### What you should do
Without any pictures, retype exactly the lines from the one with "Opis ze staré" through the final line of the records.

### Records for the exercise
——

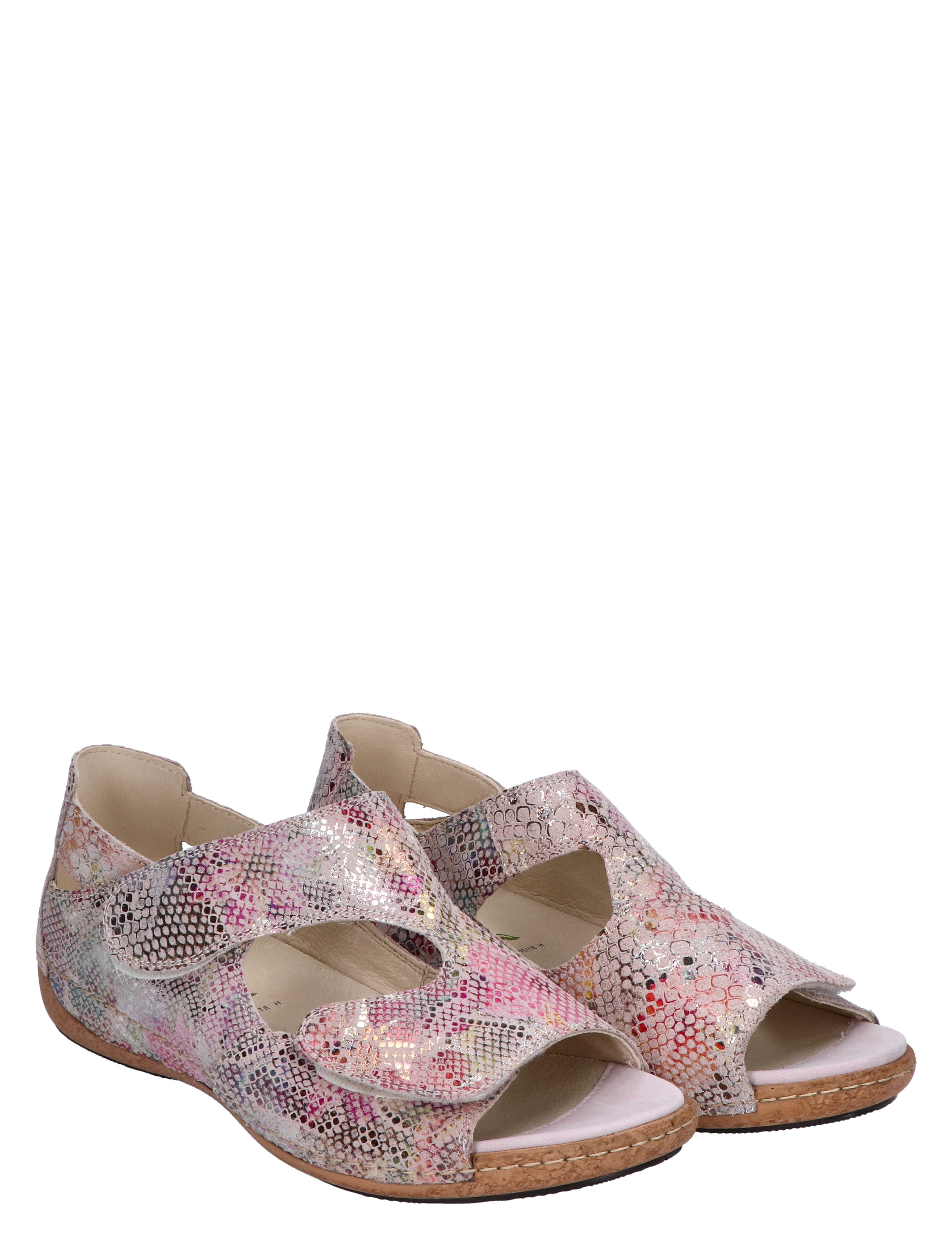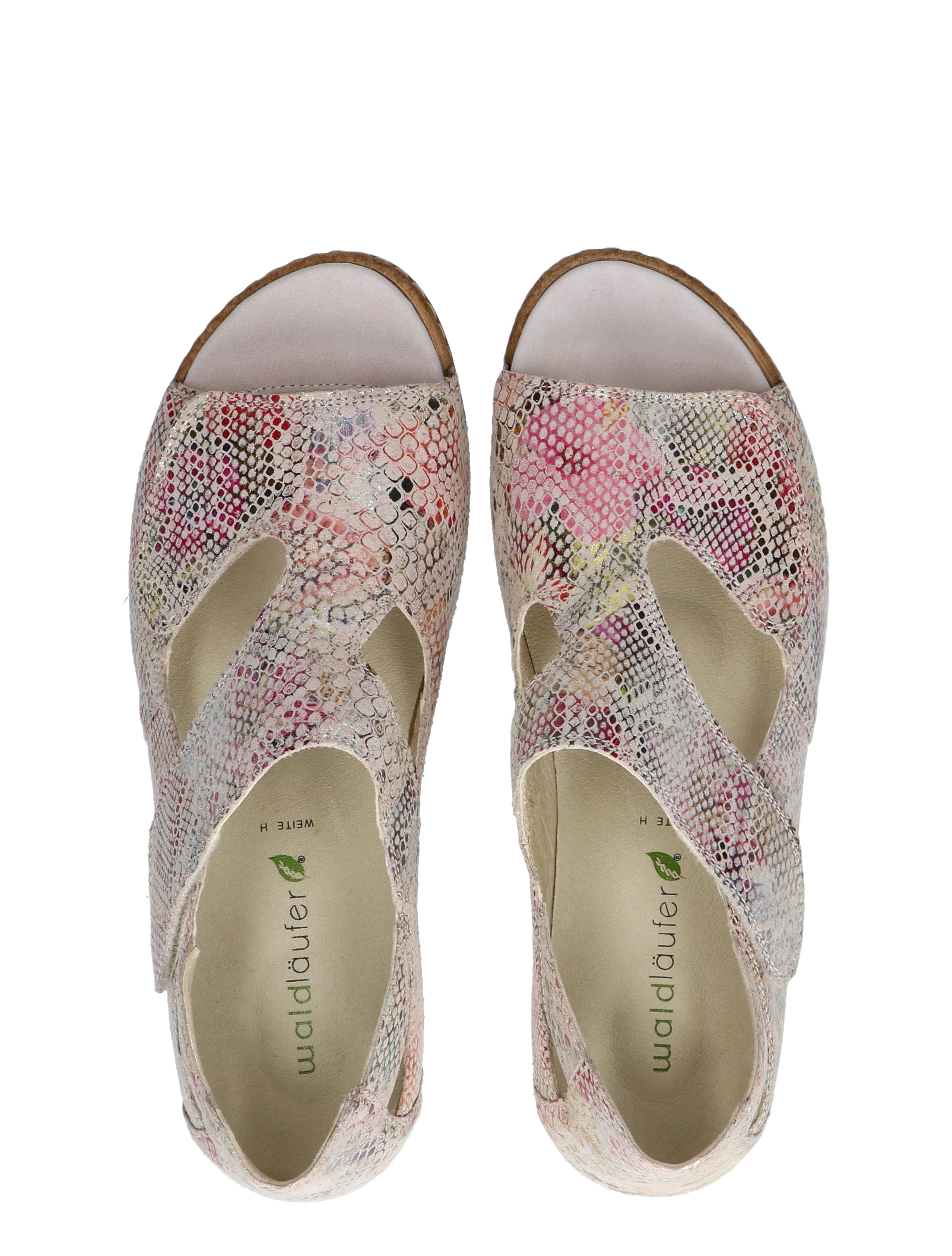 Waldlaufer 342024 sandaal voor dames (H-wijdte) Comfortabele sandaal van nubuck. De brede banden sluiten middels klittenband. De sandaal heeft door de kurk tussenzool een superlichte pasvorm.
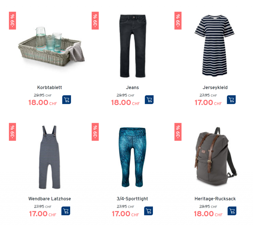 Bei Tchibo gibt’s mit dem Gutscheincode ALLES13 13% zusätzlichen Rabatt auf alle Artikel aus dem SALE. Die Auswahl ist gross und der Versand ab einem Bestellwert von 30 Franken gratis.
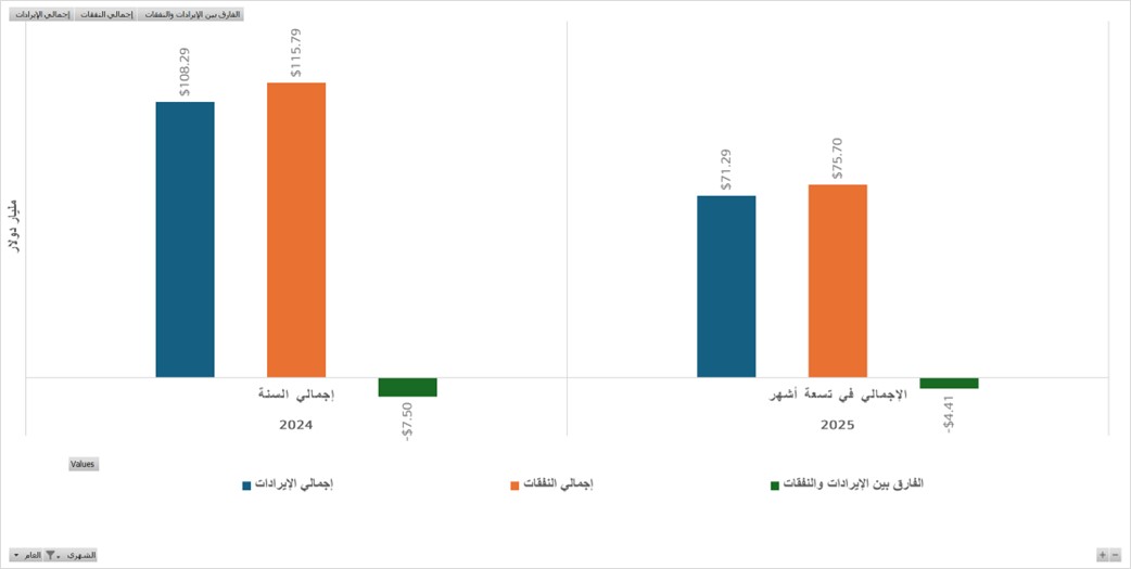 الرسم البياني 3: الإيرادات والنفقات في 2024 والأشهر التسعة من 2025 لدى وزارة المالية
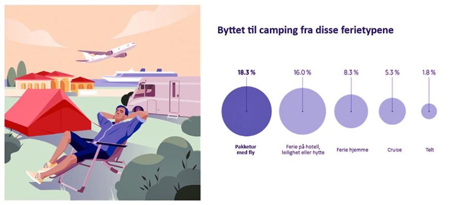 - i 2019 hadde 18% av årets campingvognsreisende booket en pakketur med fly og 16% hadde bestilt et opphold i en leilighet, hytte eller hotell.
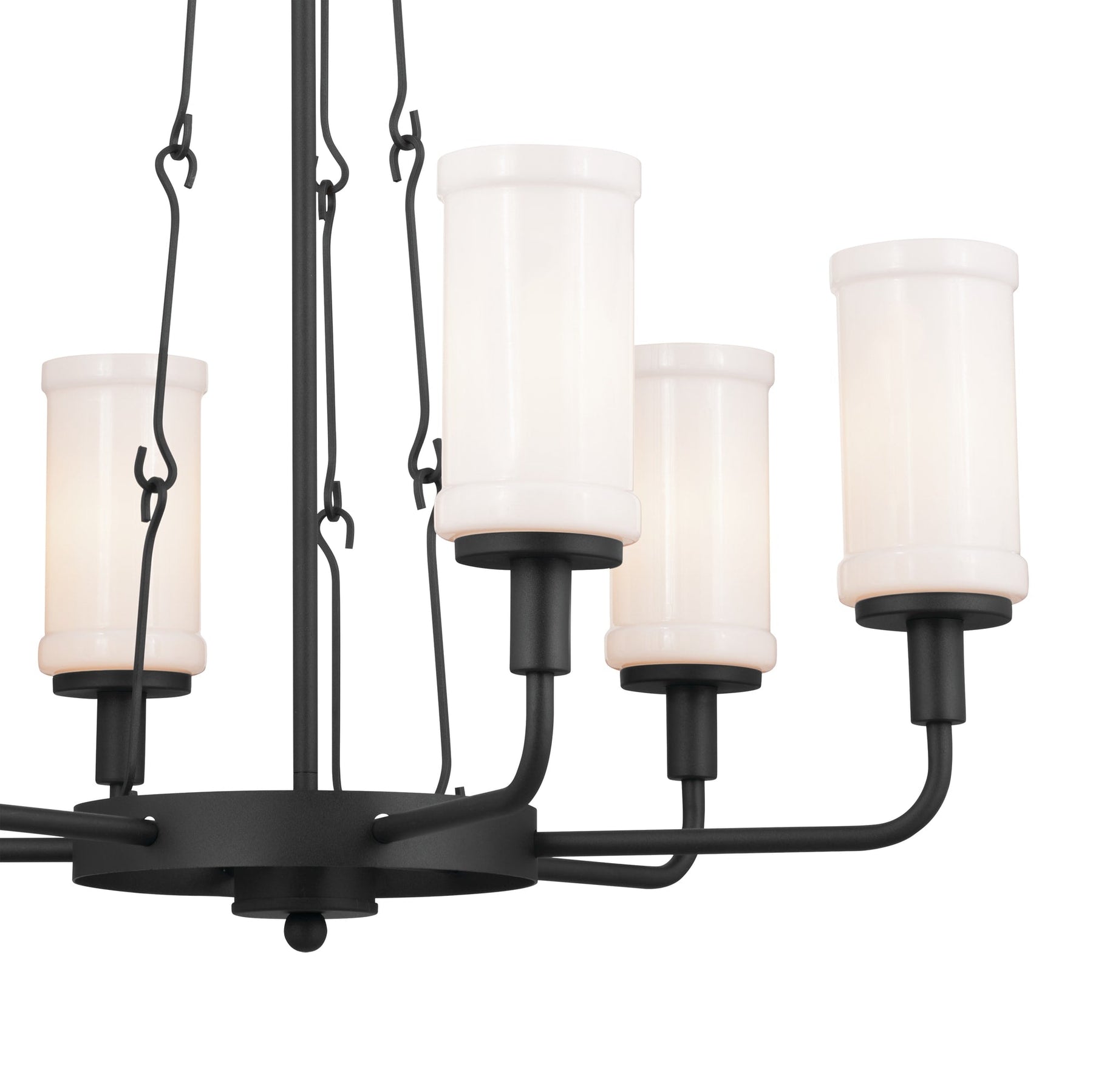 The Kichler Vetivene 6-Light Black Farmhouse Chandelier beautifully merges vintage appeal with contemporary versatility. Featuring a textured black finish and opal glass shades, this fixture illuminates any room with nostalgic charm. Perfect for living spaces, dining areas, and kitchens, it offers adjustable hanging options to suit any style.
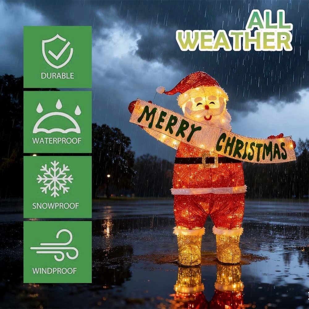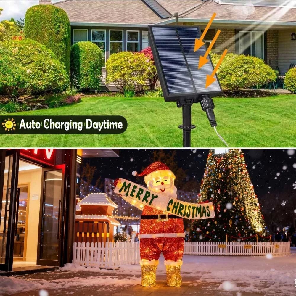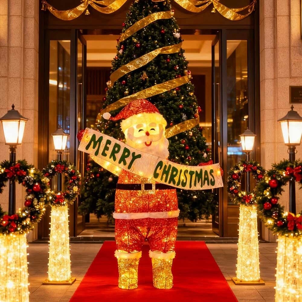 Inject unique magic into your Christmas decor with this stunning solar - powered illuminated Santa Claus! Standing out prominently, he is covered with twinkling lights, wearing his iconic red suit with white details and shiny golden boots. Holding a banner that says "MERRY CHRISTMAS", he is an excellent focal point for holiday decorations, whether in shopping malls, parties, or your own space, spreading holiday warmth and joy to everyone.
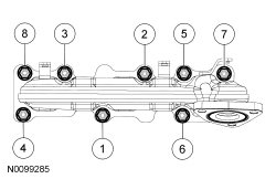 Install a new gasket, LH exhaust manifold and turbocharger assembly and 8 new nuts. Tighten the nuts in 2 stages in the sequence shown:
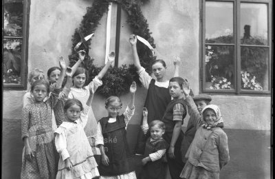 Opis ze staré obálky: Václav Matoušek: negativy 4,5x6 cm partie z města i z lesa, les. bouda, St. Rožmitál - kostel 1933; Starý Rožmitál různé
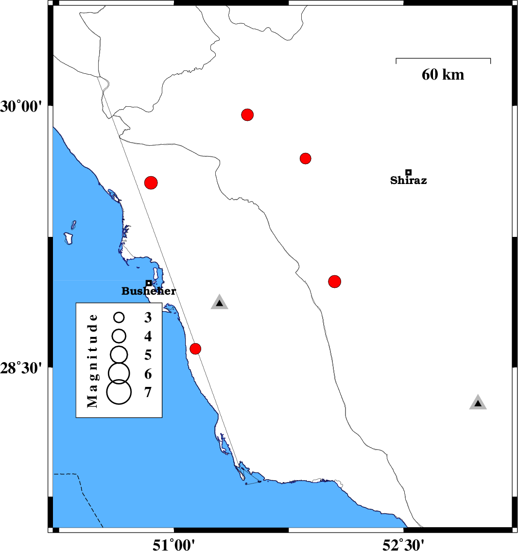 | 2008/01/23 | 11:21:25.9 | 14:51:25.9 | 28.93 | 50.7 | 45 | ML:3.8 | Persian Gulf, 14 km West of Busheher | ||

——

### Response to this task
 Opis ze staré obálky: Václav Matoušek: negativy 4,5x6 cm partie z města i z lesa, les. bouda, St. Rožmitál - kostel 1933; Starý Rožmitál různé
 | 2008/01/23 | 11:21:25.9 | 14:51:25.9 | 28.93 | 50.7 | 45 | ML:3.8 | Persian Gulf, 14 km West of Busheher | ||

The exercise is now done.